Records from a dataset
- - -

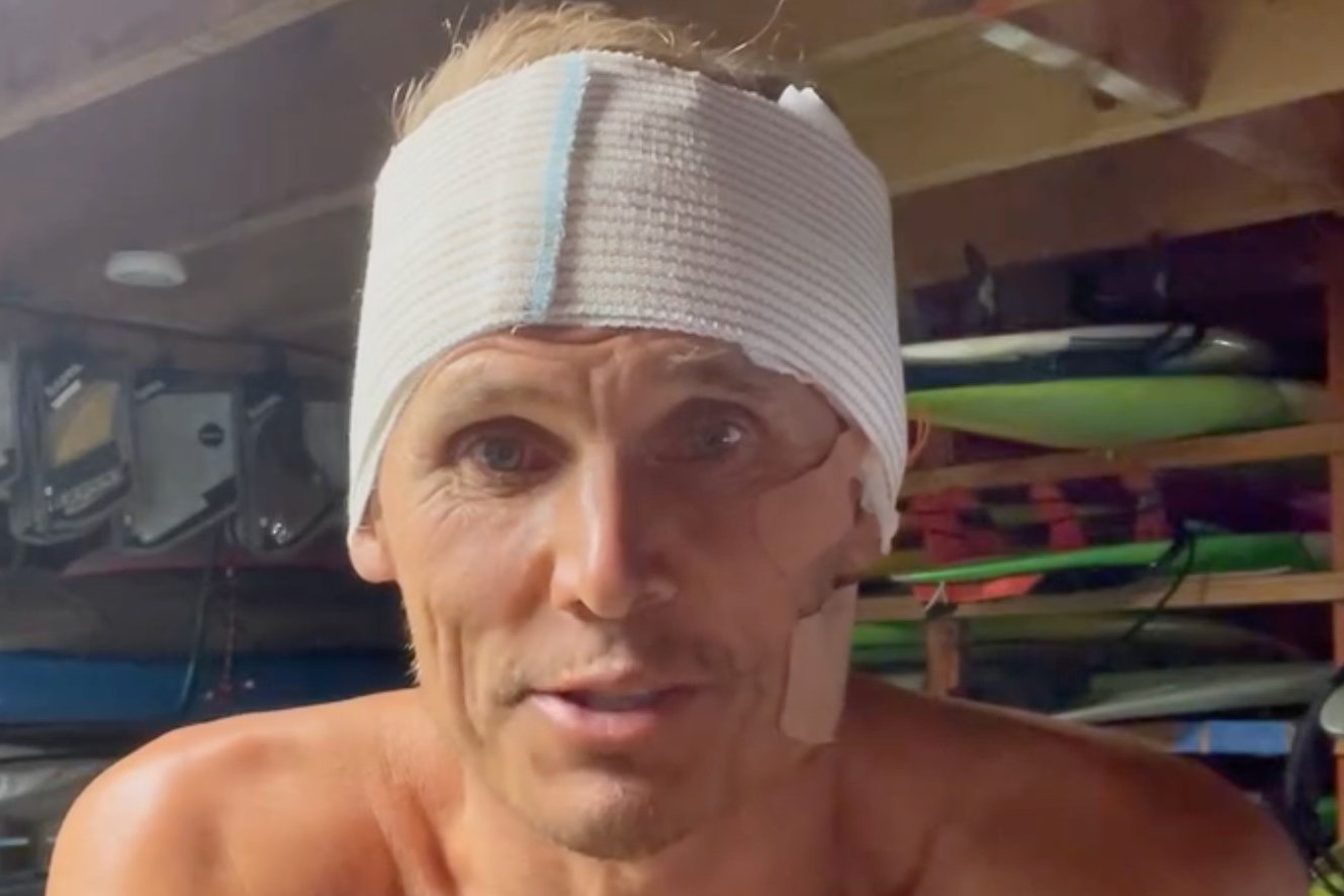 Contó en su Instagram que está fuera de peligro, se golpeó con su tabla y le dieron más de 35 puntos
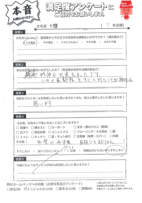 本日は戸畑区沖台にて7年点検に伺い、美観は維持できているか、劣化箇所や補修が必要な箇所はないか確認しました!点検結果、お客様からの声をぜひご参考ください。
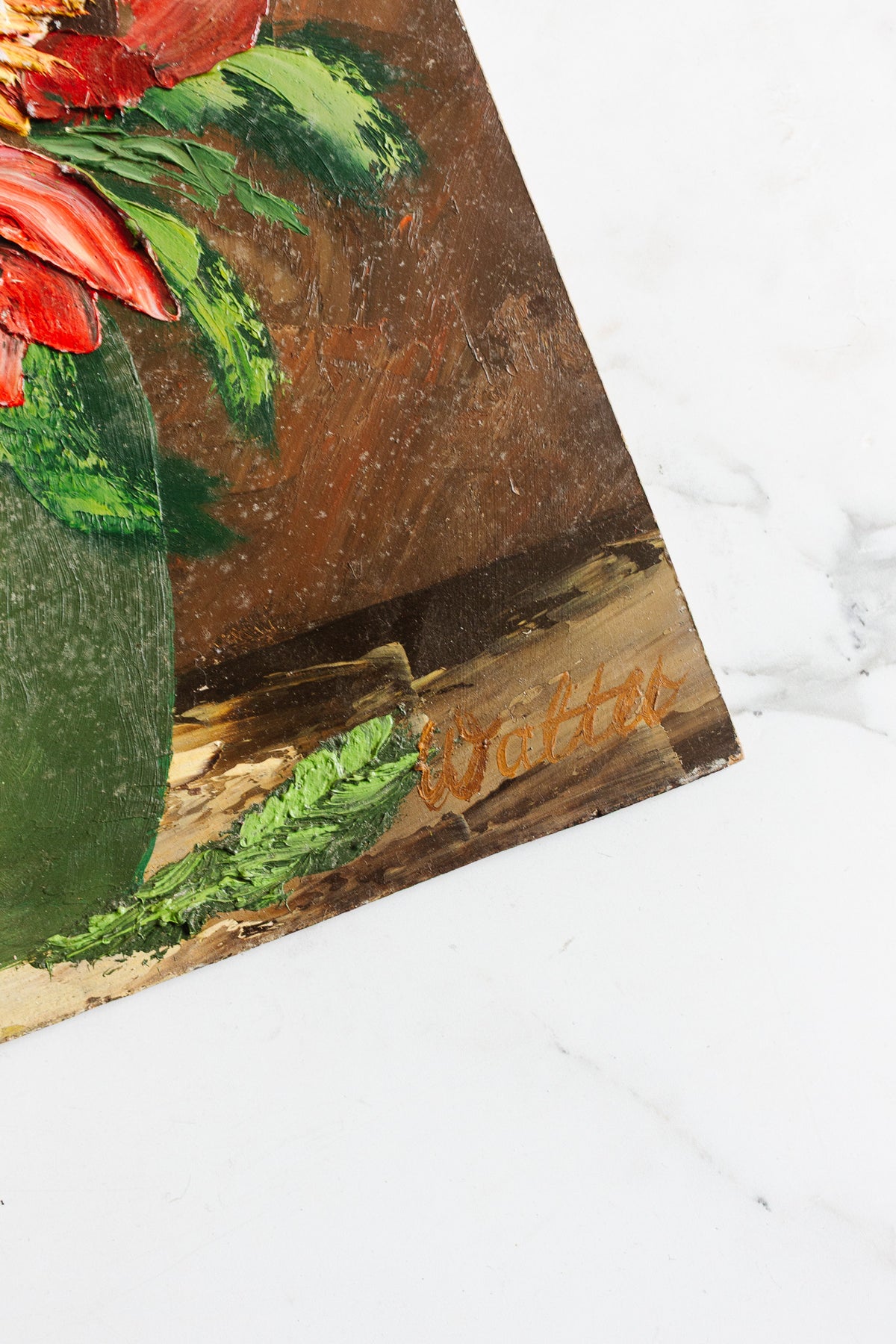 Sourced from a brocante in Marseille, this signed piece depicts a lush arrangement of chrysanthemums and mixed blooms gathered in a green vase. Painted in an impressionistic style with thick, textured impasto (a painting technique where the artist applies paint very thickly), the flowers feel almost sculpted, catching light across their layered strokes. A warm, expressive work that adds depth and color to any room.
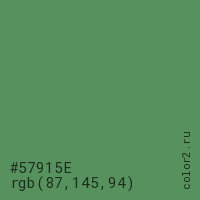 Цвет #57915E в цветовой модели RGB обозначается тремя октетами (87, 145, 94) в десятичном формате и #57915E в шестнадцатиричном (hex) формате, которые являются интенсивностью красного 87 (hex 57), интенсивность зелёного 145 (hex 91) и интенсивность синего 94 (hex 5E).
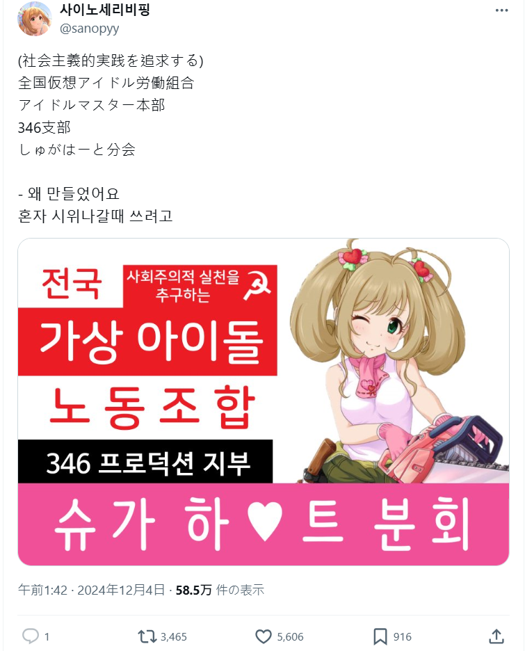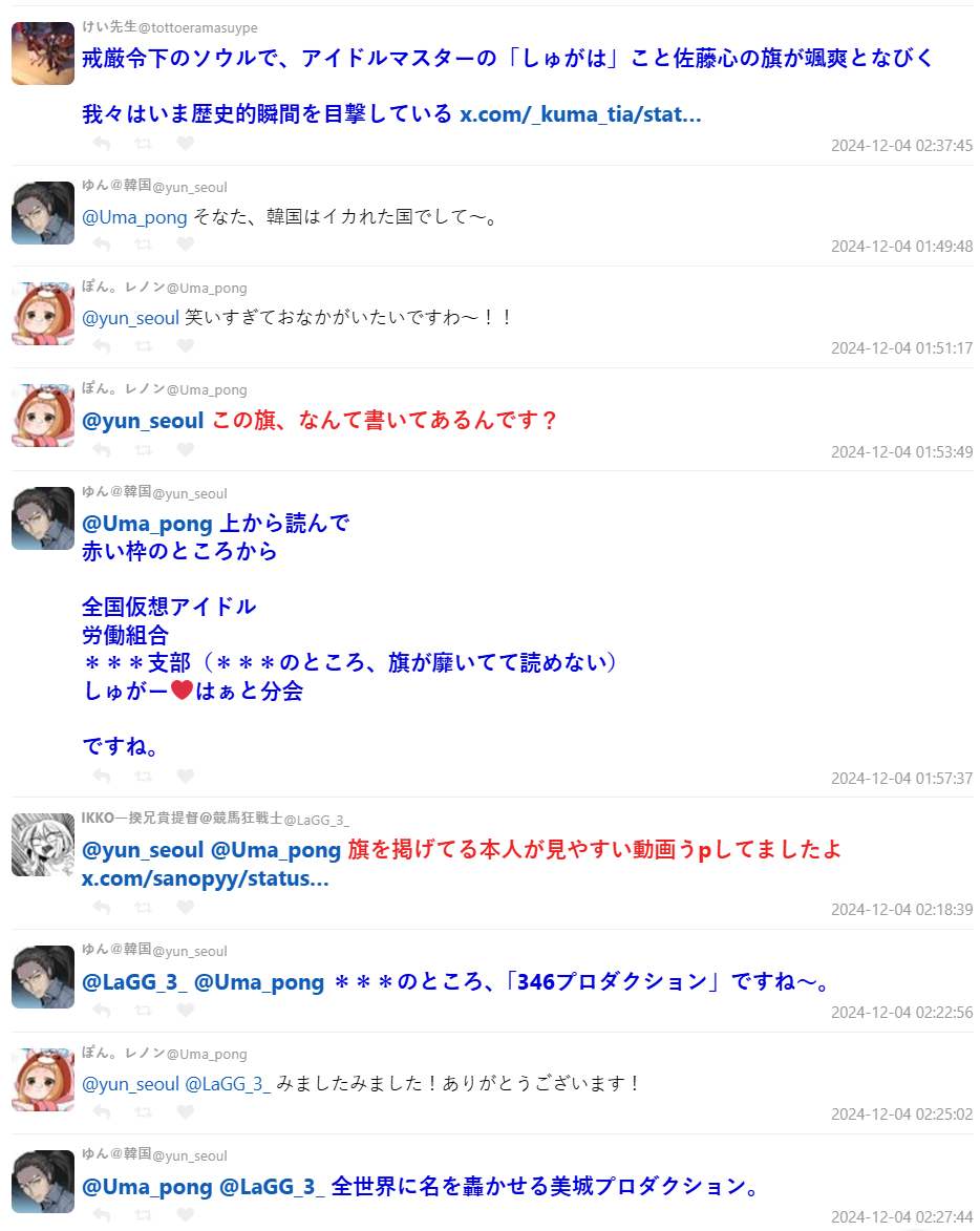 這神奇的舉動也被日本網民關注到,沒想到陷入社會動盪的時刻,居然還有人舉起《偶像大師灰姑娘女孩》的 346 Production 旗幟,雖然很荒謬,但真的難以想像韓國民眾到底以什麼心態看待 www。
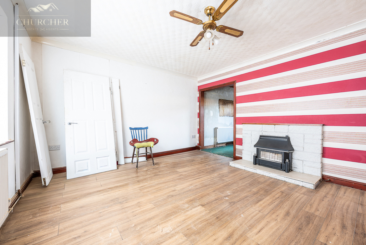 Approached via a paved frontage, the property opens into a welcoming entrance hallway with stairs rising to the first floor. To the front of the home sits a generous lounge, naturally lit by a large window and featuring a focal fireplace, offering a comfortable living space with clear scope for modernisation and personalisation.
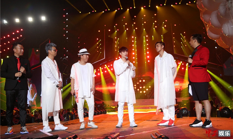 而全场的另一个高潮非黄渤出场之时莫属。刚刚签约索尼唱片的他,在追光灯下,身着水手衫和白色休闲外套惊喜亮相,果然当晚他要演唱的歌曲也与大海有关。“他说风雨中,这点痛算什么?”一曲《水手》勾起多少人对往事的追忆。就在此时曲风一变,“哈林”庾澄庆随即登场,伴乐也变换成《上海滩》的曲调。紧接着,《热情的沙漠》、《蓝精灵》直到《辣妹子》,一段接一段的串烧,哥俩的音越飙越高,现场也越来越嗨,伴随着夜空中散落的雨水,更增一分独特的浪漫情怀。

- - -

• Exercise description
What you should produce is an exact copy of the records, with the pictures left out.

• Exercise result
 Contó en su Instagram que está fuera de peligro, se golpeó con su tabla y le dieron más de 35 puntos
 本日は戸畑区沖台にて7年点検に伺い、美観は維持できているか、劣化箇所や補修が必要な箇所はないか確認しました!点検結果、お客様からの声をぜひご参考ください。
 Sourced from a brocante in Marseille, this signed piece depicts a lush arrangement of chrysanthemums and mixed blooms gathered in a green vase. Painted in an impressionistic style with thick, textured impasto (a painting technique where the artist applies paint very thickly), the flowers feel almost sculpted, catching light across their layered strokes. A warm, expressive work that adds depth and color to any room.
 Цвет #57915E в цветовой модели RGB обозначается тремя октетами (87, 145, 94) в десятичном формате и #57915E в шестнадцатиричном (hex) формате, которые являются интенсивностью красного 87 (hex 57), интенсивность зелёного 145 (hex 91) и интенсивность синего 94 (hex 5E).
 這神奇的舉動也被日本網民關注到,沒想到陷入社會動盪的時刻,居然還有人舉起《偶像大師灰姑娘女孩》的 346 Production 旗幟,雖然很荒謬,但真的難以想像韓國民眾到底以什麼心態看待 www。
 Approached via a paved frontage, the property opens into a welcoming entrance hallway with stairs rising to the first floor. To the front of the home sits a generous lounge, naturally lit by a large window and featuring a focal fireplace, offering a comfortable living space with clear scope for modernisation and personalisation.
 而全场的另一个高潮非黄渤出场之时莫属。刚刚签约索尼唱片的他,在追光灯下,身着水手衫和白色休闲外套惊喜亮相,果然当晚他要演唱的歌曲也与大海有关。“他说风雨中,这点痛算什么?”一曲《水手》勾起多少人对往事的追忆。就在此时曲风一变,“哈林”庾澄庆随即登场,伴乐也变换成《上海滩》的曲调。紧接着,《热情的沙漠》、《蓝精灵》直到《辣妹子》,一段接一段的串烧,哥俩的音越飙越高,现场也越来越嗨,伴随着夜空中散落的雨水,更增一分独特的浪漫情怀。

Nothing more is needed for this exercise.